Closed uladzimir-shelhunou closed 8 years ago
This is a known issue because Apache Commons' pool implementation is not serializable.
Here's my comment from the link above:
This serialization issue is similar to the issue described at https://github.com/dbpedia/distributed-extraction-framework/issues/9. It looks as if one would need to use a different object pool implementation than the one from Apache Commons Pool, as the latter may be hard to serialize (see sparkContext broadcast JedisPool not work).
Furthermore I noticed that the serialization issue is also triggered locally (e.g. when running ./sbt test
in kafka-storm-starter) when using Spark 1.2+.

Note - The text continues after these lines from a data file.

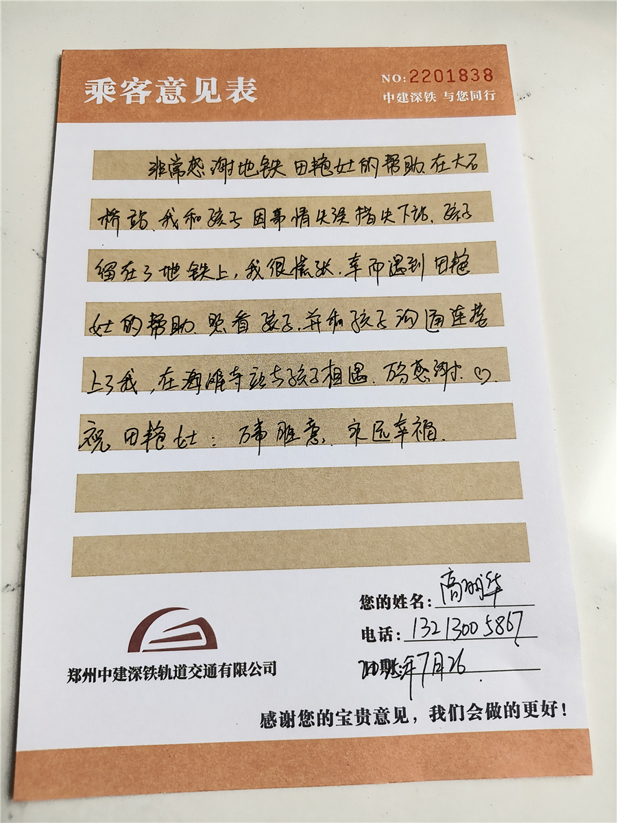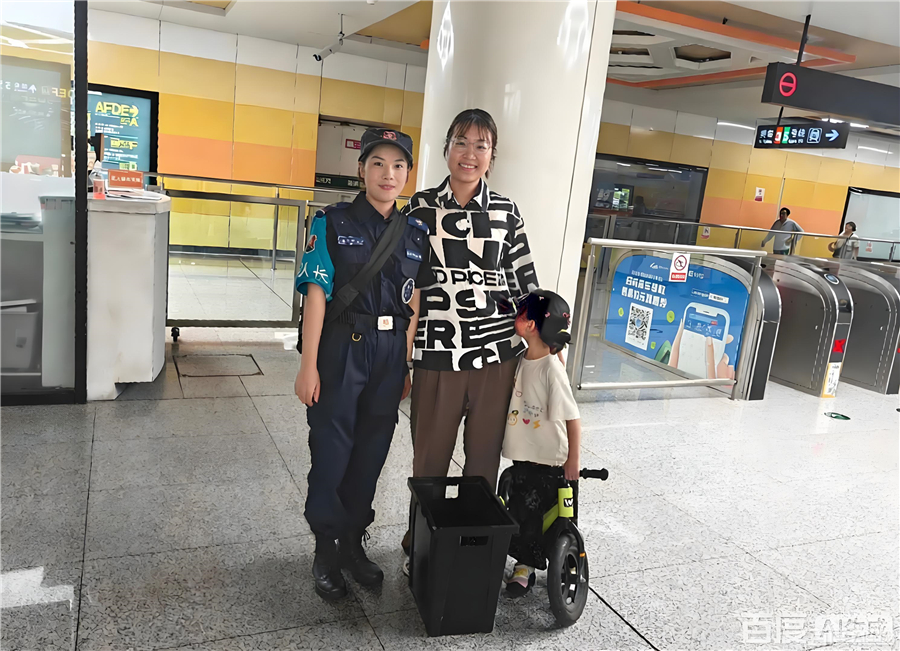 7月26日,3号线队员田艳巡站中在列车上遇到大哭不止的走失幼童,她耐心安抚、积极联系家长,并安全交接。一次跨站守护,让焦急父母重拥孩子,传递了安检人的细致与温度。
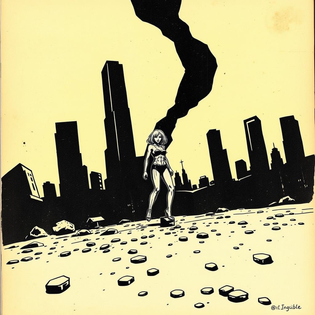 This image depicts a haunting scene of smoking ruins, reminiscent of a post-apocalyptic world, with a hint of surrealism and a touch of the avant-garde.
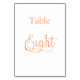 The table number is written with an elegant hand lettered style script. Rose gold letters, white background. This table number is also available in black.
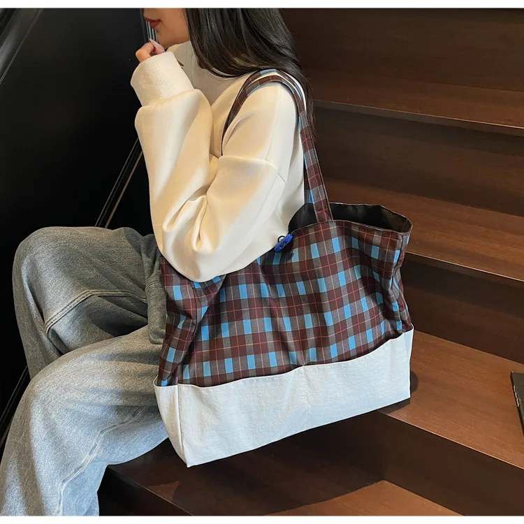 Pbong Korean Canvas Shoulder Shopper Bag for Women Zipper Large Woman Tote Bookbag Fashion Brand Female Handbags Sac A Main Femme
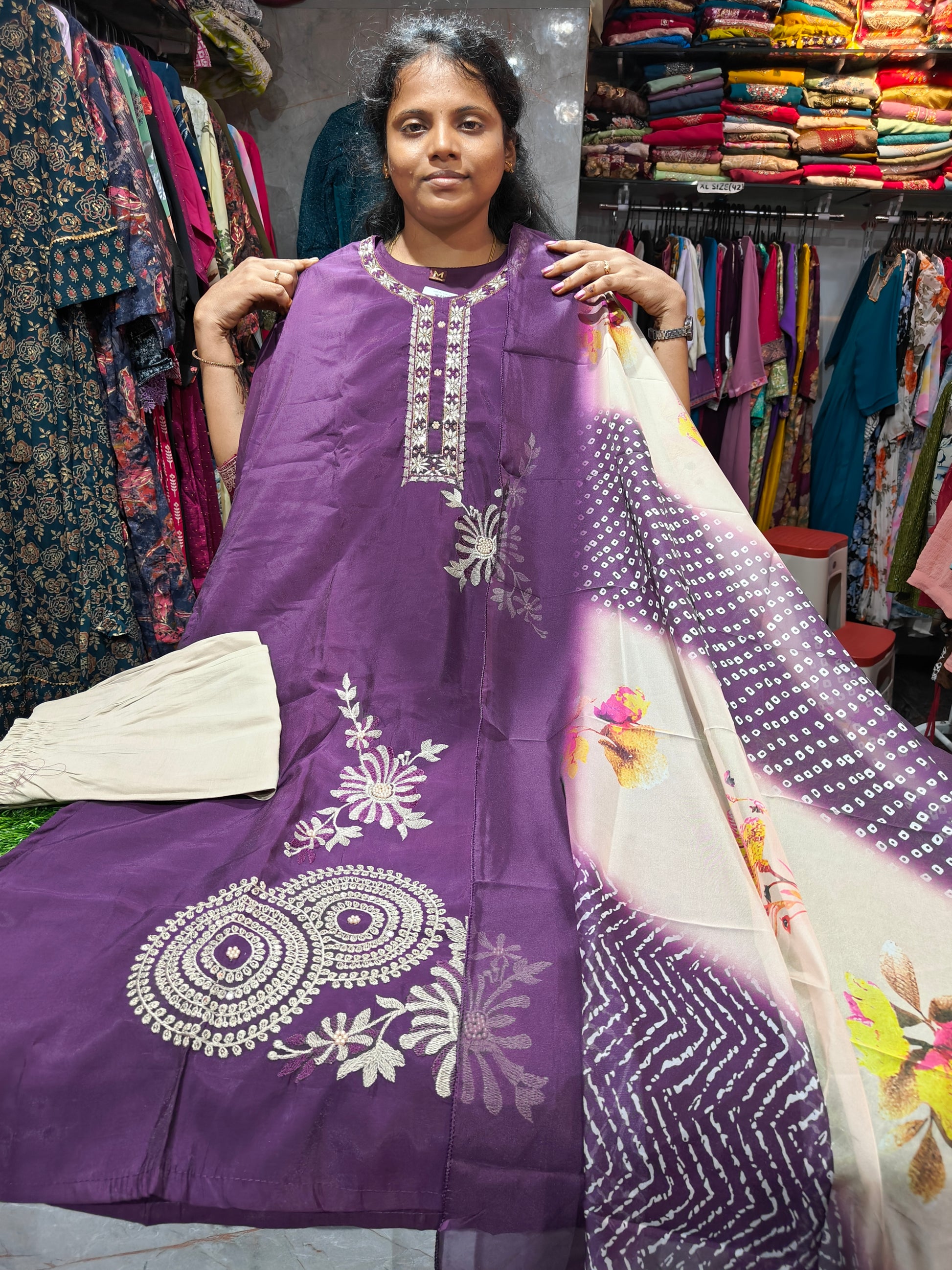 Silk Partywear Salwar Set – MQ749 | Handwork & Thread Work Design | Sizes M to XXL | Price ₹749
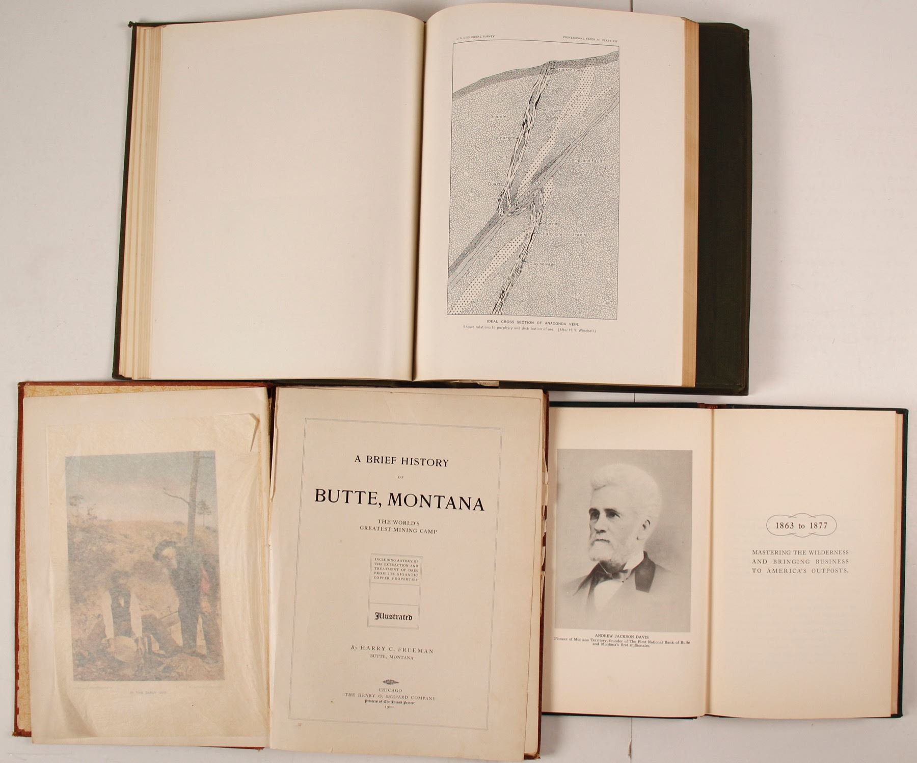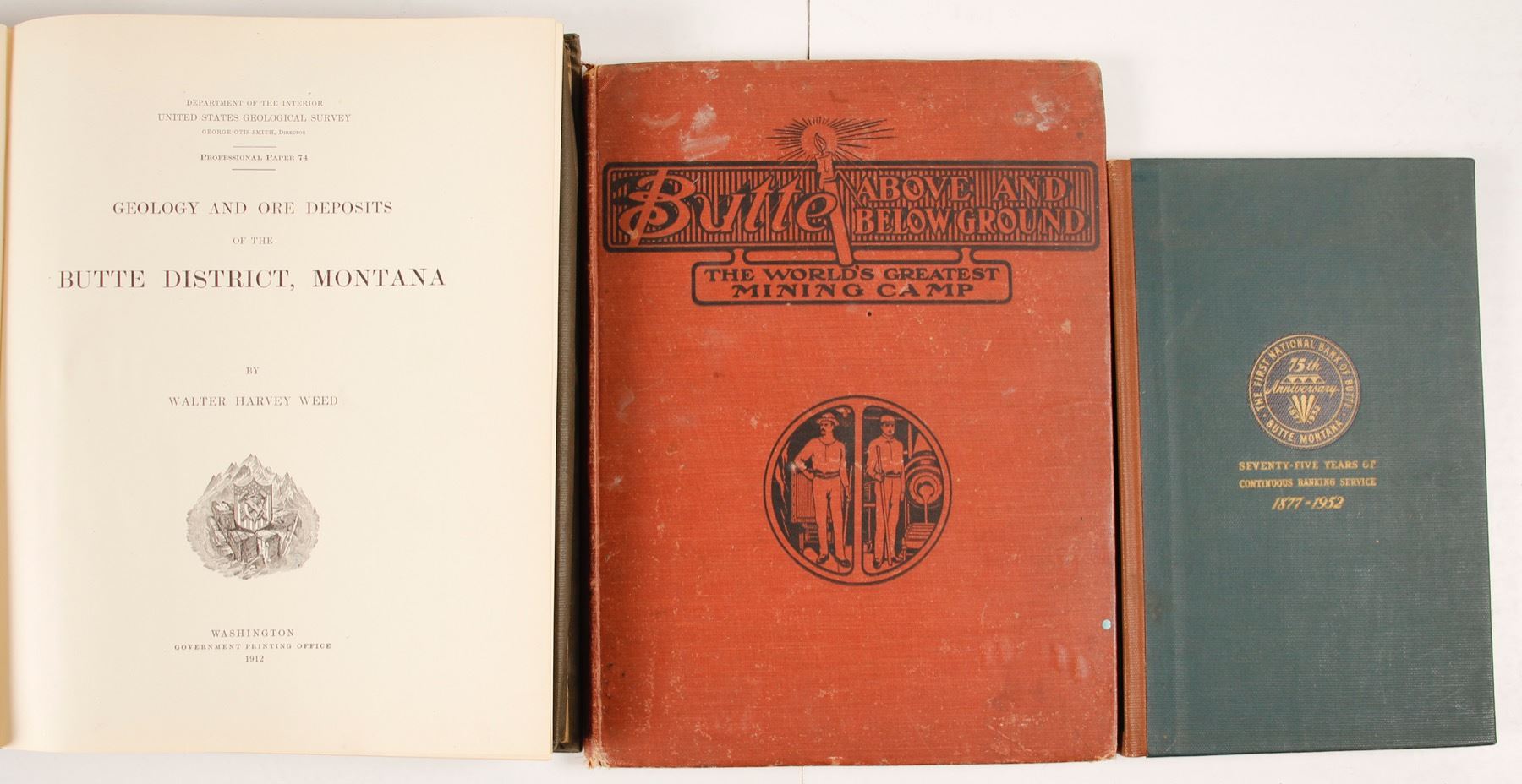 First National Bank of Butte 1877-1852. Butte Above and Below Ground, The World's Greatest Mining Camp 1900 by Freeman-cover is worn, spine detaching. Geology and Ore Deposits of Butte District Montana by Weed. State: Montana City: Date: HWAC# 81515
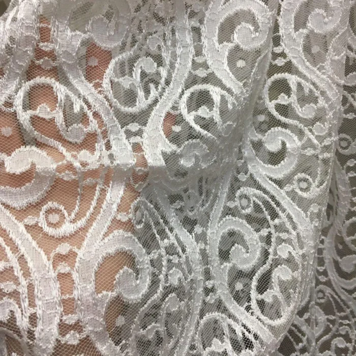 Ткань с рельефным, часто сложным узором. Выглядит дорого и солидно. Жаккард может быть матовым или с лёгким блеском, однотонным или с рисунком. Он прочен, долговечен и прекрасно комбинируется с другими видами тюля, например, с гладкой вуалью.
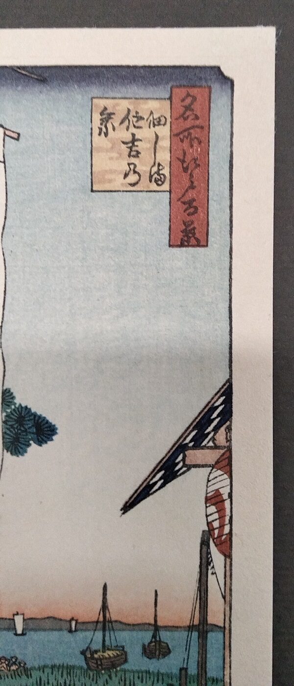 Il 30 giugno 1964 l‘Associazione di Tokyo degli artisti della stampa su legno ukiyo-e, pubblicò questa piccola edizione commemorativa di 30 stampe scegliendo le più belle e significative opere della serie “Cento famose vedute di Edo”, Meisho Edo hyakkei ,(1856-1858). È molto raro reperire questa serie in un formato cosi ridotto (tipo cartolina).
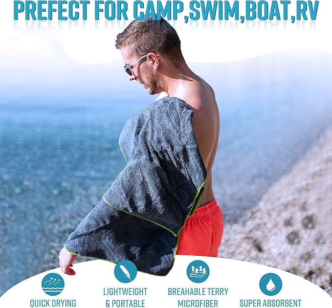 - FAST DRYING & SUPER ABSORBENT & Soft: Lighter weight than cotton towels and absorb 3-8 times its own weight in water. Stay soft for longer thanks to the microfiber fabric. Snap loop on towel for hanging. SKIN FRIENDLY - remarkable soft feel on your skin and face.
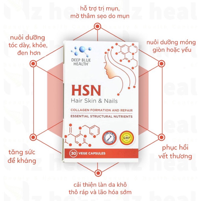 Viên uống hỗ trợ trị mụn HSN Hair Skin & Nails được đặc chế để cung cấp các dưỡng chất cấu trúc thiết yếu cho sự hình thành và sửa chữa collagen. Công thức độc đáo của viên uống HSN hoàn hảo cho bất cứ ai đang bị các tình trạng như:
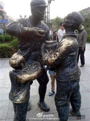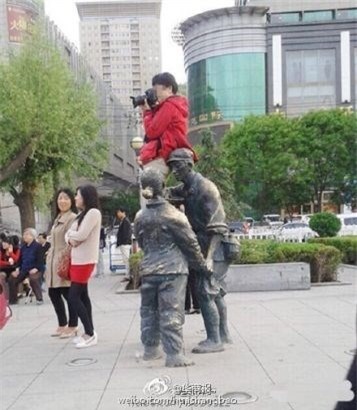 Sự việc xảy ra vào chiều 7.5 khi rất nhiều người tụ tập xem biểu diễn điệu nhảy tryền thống Yangko của Trung Quốc dưới chân đồi Baota ở thành phố Diên An, tỉnh Thiểm Tây. Để có được vị trí quan sát màn múa rõ hơn, một phụ nữ đã trèo và ngồi trên đầu bức tượng lính Hồng quân gần đó.
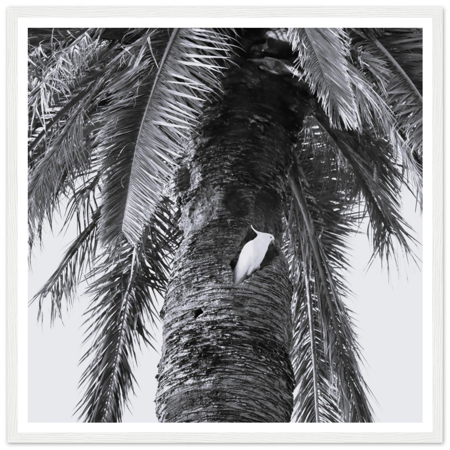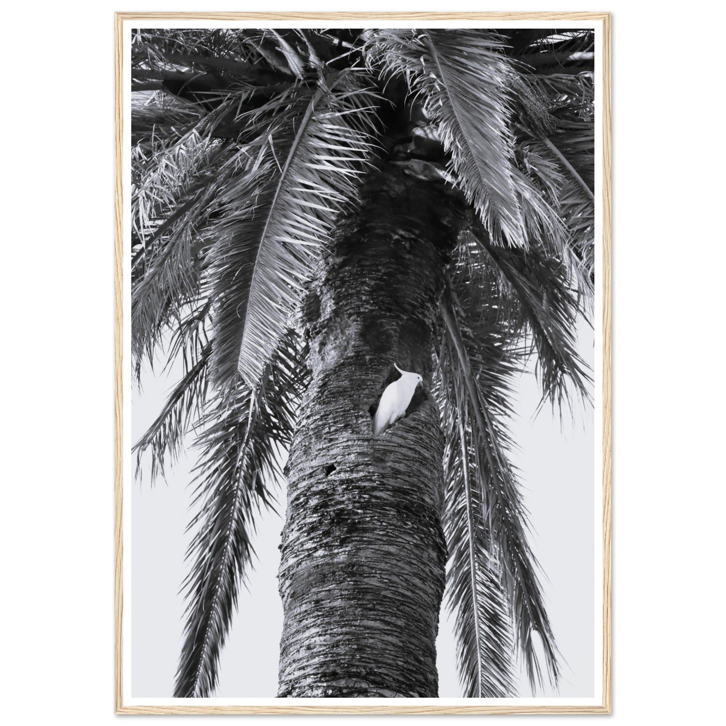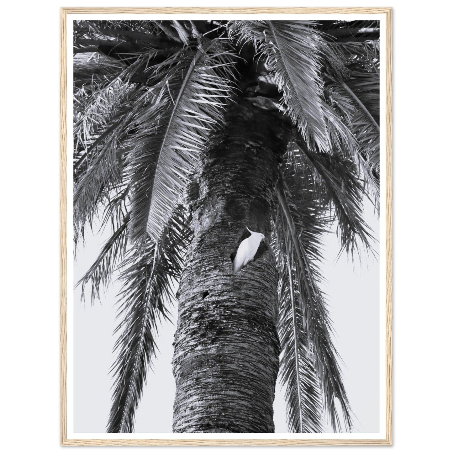 Cockatoo in palm tree (B&W) - Premium Matte Paper Wooden Framed Poster
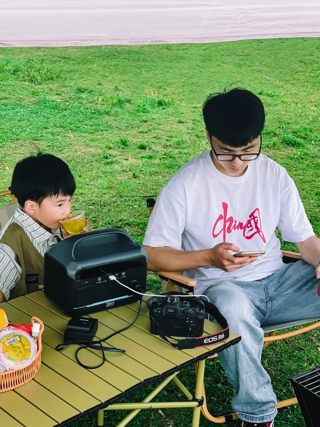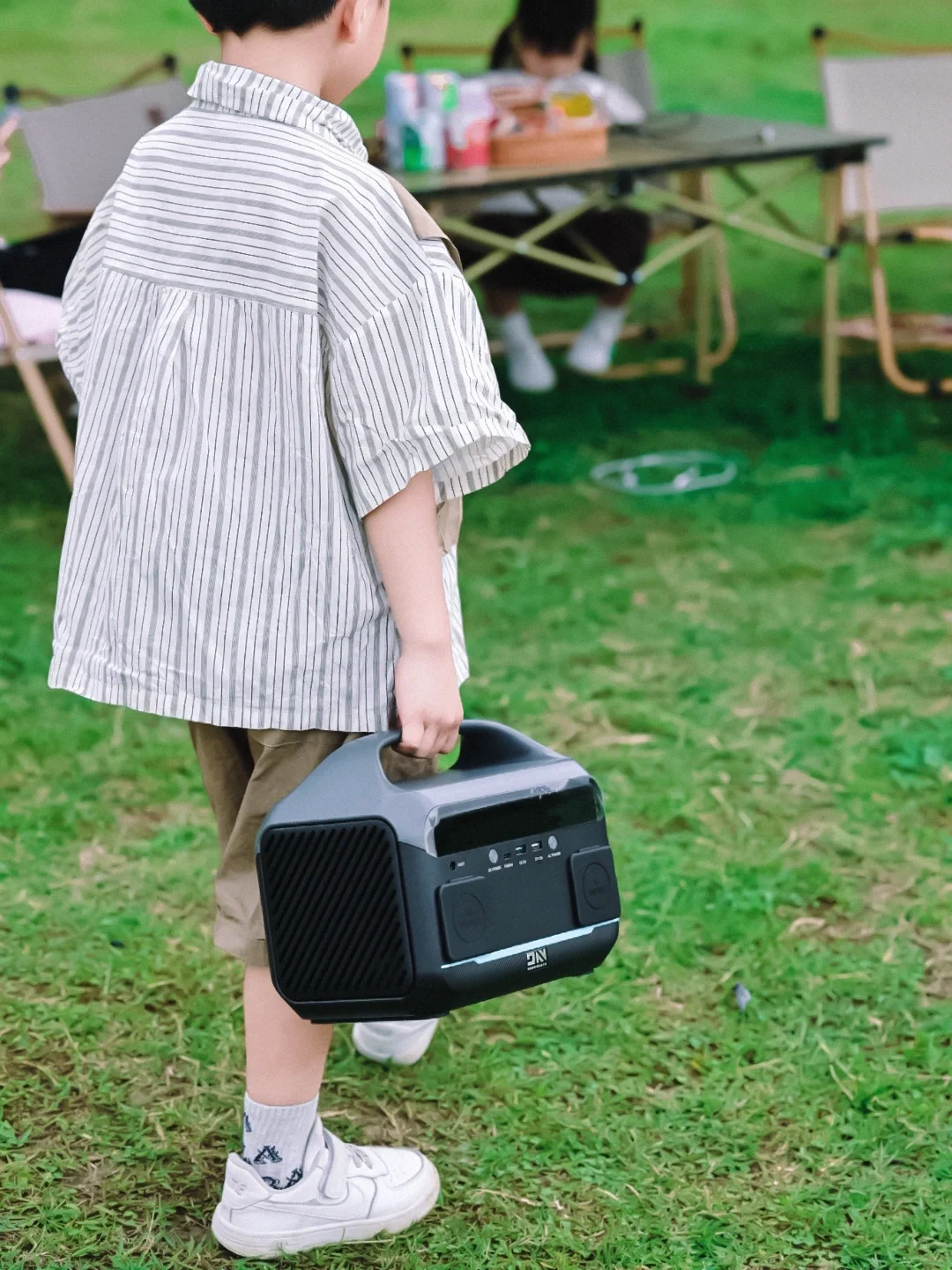 而且可以同时给相机、手机、音响提供电源,后面夏天还可以制冰机,想想就很美好,我五岁的儿子也能一只手轻松提起,以后露营也可以安排小男子汉干活啦~
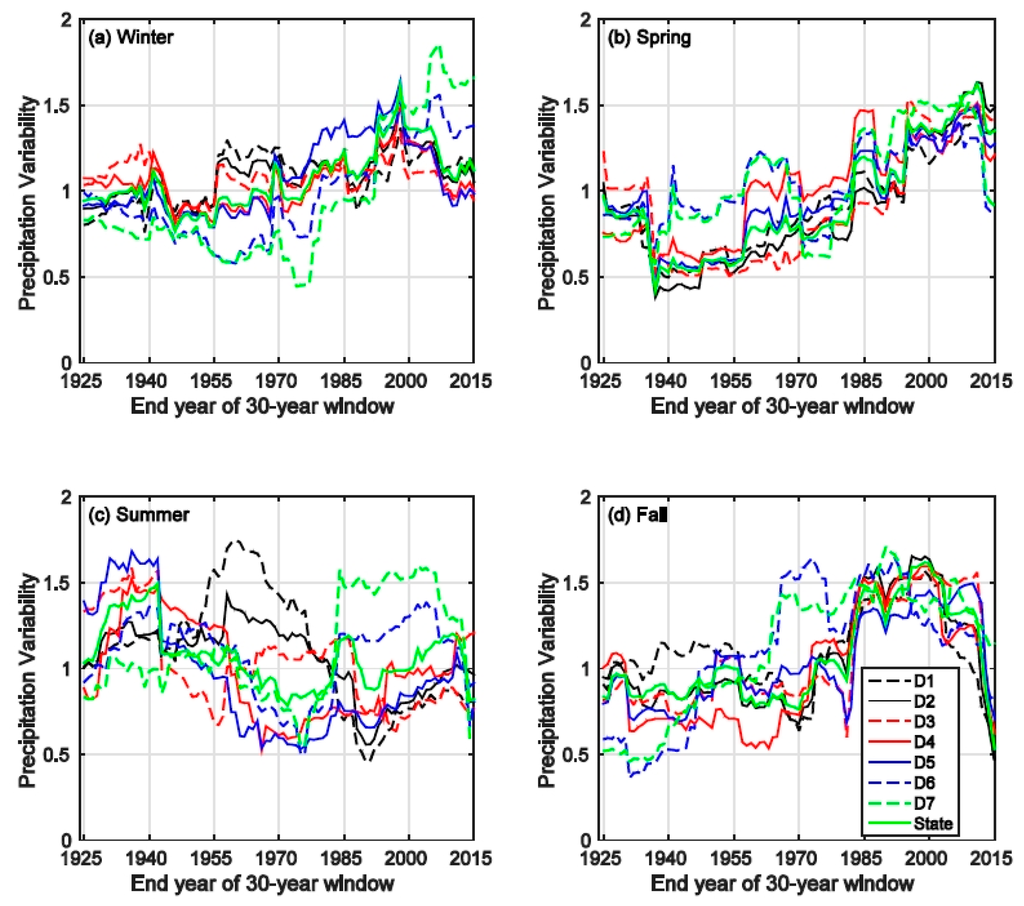 In a new finding, this study indicates that annual, winter and spring precipitation variabilities generally have an increasing tendency for every region. This implies the increasing frequency of precipitation extremes, which is also projected to occur throughout the 21st century with continuing warming expected [59,60,61,62,63]. The variabilities of annul and winter precipitation in the Northeast Desert Drainage vary in the widest ranges out of all seven regions.

To fix this issue you need to implement your own, serializable pool.
I understand why it happens, but I did't know that is known issue. I want to implement own pool, but I have some concerns about partitions and offsets.
I did something like the following for Java:
import static lombok.AccessLevel.PRIVATE;
import java.io.Serializable;
import java.util.NoSuchElementException;
import lombok.Getter;
import lombok.NonNull;
import lombok.RequiredArgsConstructor;
import lombok.experimental.Accessors;
import org.apache.commons.pool2.ObjectPool;
@RequiredArgsConstructor
public abstract class LazySerializableObjectPool<T> implements ObjectPool<T>, Serializable {
@NonNull
@Getter(lazy = true, value = PRIVATE)
@Accessors(fluent = true)
private final transient ObjectPool<T> delegate = createDelegate();
protected abstract ObjectPool<T> createDelegate();
@Override
public T borrowObject() throws Exception, NoSuchElementException, IllegalStateException {
return delegate().borrowObject();
}
@Override
public void returnObject(T obj) throws Exception {
delegate().returnObject(obj);
}
@Override
public void invalidateObject(T obj) throws Exception {
delegate().invalidateObject(obj);
}
@Override
public void addObject() throws Exception, IllegalStateException, UnsupportedOperationException {
delegate().addObject();
}
@Override
public int getNumIdle() {
return delegate().getNumIdle();
}
@Override
public int getNumActive() {
return delegate().getNumActive();
}
@Override
public void clear() throws Exception, UnsupportedOperationException {
delegate().clear();
}
@Override
public void close() {
delegate().close();
}
}
@RequiredArgsConstructor
public class KafkaProducerObjectPool extends LazySerializableObjectPool<...> {
/**
* Configuration.
*/
@NonNull
private final Map<String, String> producerProperties;
@Override
protected ObjectPool<KafkaProducer> createDelegate() {
val pooledObjectFactory = ...
val maxNumProducers = 10;
val poolConfig = new GenericObjectPoolConfig();
poolConfig.setMaxTotal(maxNumProducers);
poolConfig.setMaxIdle(maxNumProducers);
return new GenericObjectPool<KafkaProducer>(pooledObjectFactory, poolConfig);
}
}
See https://projectlombok.org/features/GetterLazy.html for details.
@btiernay thanks for sharing your solution, it really helped me out.
Hello
I tried made the same pool of the producers in my spark application, but I got this error when spark trying to broadcast pool.
Could you please comment this issue?